В этом и состояла причина равнодушия Флавии к ласковому утреннему солнышку и вообще ко всему живому. Почему-то ужасно кусался воротник, а в голове вертелись одни и те же мысли, что у нее совершенно нет опыта общения с важными людьми и она не умеет создать о себе нужного впечатления.
Утром встала, как угорелая помчалась в душ. Потом, вместо того чтобы спокойно попить кофе, принялась лихорадочно выбирать, что надеть. Зачем-то сильно накрасилась. Посмотрела в зеркало, разозлилась, все стерла, а затем не выдержала и накрасилась снова. После чего слонялась по квартире, проверяя и перепроверяя содержимое сумки, каждую минуту, а то и чаще, подбегая к окну взглянуть вниз на маленькую площадь, не приехала ли машина. В голове возникали кошмарные видения. Вот она, не дождавшись машины, хватает сумочку и бежит на улицу. Спотыкается на булыжной мостовой, ломает каблук. Наконец прибывает на место, запыхавшись, волосы растрепаны. Можно только догадываться, что подумает премьер-министр. В общем, карьера безнадежно разрушена. И все потому, что опоздал чертов водитель. В довершение ко всему она чувствовала себя больной. В желудке творилось нечто невообразимое, да и все остальное тоже было не в порядке. Очевидно, заразилась гриппом. А может, это нервное? Да, скорее всего нервное. Сегодня предстоит пережить тот еще денек, она это знала.
— Флавия, перестань трястись. А то я тоже начинаю волноваться. — Сидящий за кухонным столом Джонатан Аргайл, уже четыре недели как ее законный супруг, а фактически — почти десять лет, поднял голову от газеты. — В конце концов, это всего лишь премьер-министр.

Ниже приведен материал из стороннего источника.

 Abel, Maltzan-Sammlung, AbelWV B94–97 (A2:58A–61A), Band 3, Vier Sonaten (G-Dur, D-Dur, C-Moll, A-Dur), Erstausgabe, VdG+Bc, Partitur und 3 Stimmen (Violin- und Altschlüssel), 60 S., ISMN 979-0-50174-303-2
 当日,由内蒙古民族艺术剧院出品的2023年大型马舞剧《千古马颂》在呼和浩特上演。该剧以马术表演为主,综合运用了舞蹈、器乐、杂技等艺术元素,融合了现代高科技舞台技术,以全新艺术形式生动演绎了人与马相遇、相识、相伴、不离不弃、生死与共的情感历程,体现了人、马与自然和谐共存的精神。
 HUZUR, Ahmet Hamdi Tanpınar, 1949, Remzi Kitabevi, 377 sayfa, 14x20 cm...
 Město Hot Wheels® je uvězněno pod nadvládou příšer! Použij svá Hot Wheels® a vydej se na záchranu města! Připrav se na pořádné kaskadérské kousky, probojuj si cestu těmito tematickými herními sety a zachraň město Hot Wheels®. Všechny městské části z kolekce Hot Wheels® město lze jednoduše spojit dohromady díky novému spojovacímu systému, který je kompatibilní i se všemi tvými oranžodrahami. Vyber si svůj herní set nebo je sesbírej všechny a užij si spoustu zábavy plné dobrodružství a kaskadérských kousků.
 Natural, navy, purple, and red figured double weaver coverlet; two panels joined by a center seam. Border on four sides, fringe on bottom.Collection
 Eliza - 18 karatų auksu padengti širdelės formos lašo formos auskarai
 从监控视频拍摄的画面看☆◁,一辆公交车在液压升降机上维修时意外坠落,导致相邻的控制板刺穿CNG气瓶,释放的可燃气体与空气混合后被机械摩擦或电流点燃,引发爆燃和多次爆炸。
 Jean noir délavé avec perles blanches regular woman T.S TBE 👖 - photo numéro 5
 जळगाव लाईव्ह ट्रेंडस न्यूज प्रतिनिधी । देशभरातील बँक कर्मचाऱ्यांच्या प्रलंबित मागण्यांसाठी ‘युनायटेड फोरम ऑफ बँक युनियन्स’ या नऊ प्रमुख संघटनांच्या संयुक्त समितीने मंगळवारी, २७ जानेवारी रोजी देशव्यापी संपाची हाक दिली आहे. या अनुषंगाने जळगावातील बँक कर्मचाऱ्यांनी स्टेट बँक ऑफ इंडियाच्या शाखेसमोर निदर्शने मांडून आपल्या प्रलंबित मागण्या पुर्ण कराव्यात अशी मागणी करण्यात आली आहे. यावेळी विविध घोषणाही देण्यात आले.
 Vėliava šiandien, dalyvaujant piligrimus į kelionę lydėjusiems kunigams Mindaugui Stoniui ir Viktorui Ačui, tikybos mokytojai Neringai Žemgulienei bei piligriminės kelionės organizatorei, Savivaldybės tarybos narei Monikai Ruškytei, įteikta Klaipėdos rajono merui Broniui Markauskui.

Флавия развернулась и метнула на него недовольный взгляд. Аргайл улыбнулся и потянулся за мармеладом.
— Зачем так переживать? Разве ты в чем-то провинилась? Шедевры Рафаэля и Микеланджело пока еще, слава Богу, находятся в музеях. Ты вчера застрелила какого-то сенатора? Признавайся.
Она наградила супруга еще одним сердитым взглядом.
— Ну вот, по глазам вижу, что нет. Так о чем беспокоиться? — Аргайл встал и сочувственно погладил ее по плечу. — Тем более что твой автомобиль уже здесь. — Он весело помахал водителю внизу.
Флавия схватила сумочку и ринулась к двери.
— И помни, главное — спокойствие, — добавил Аргайл, целуя ее у двери.
— Хорошо.
«Спокойствие, — мысленно повторяла она через тридцать минут, в очередной раз посмотрев на часы. — Значит, я на пять минут опаздываю… отсюда не так уж далеко. Пойти пешком? Тем более что меня почему-то вдруг стало укачивать в машине. Нет, подожду. Главное — спокойствие».
Наверное, в том, что Флавия так переживает, опаздывая на встречу с премьер-министром, была доля вины и Боттандо, ее бывшего начальника, перешедшего на более важную работу. Он любил формулировать универсальные жизненные законы, которые выдавал в виде афоризмов.
— Политик, — произнес он однажды за обедом, делая глоток бренди, — может испортить тебе день. Министр — целую неделю.
— А премьер-министр? — спросила Флавия.
— Премьер-министр? О, этот человек легко испортит тебе жизнь.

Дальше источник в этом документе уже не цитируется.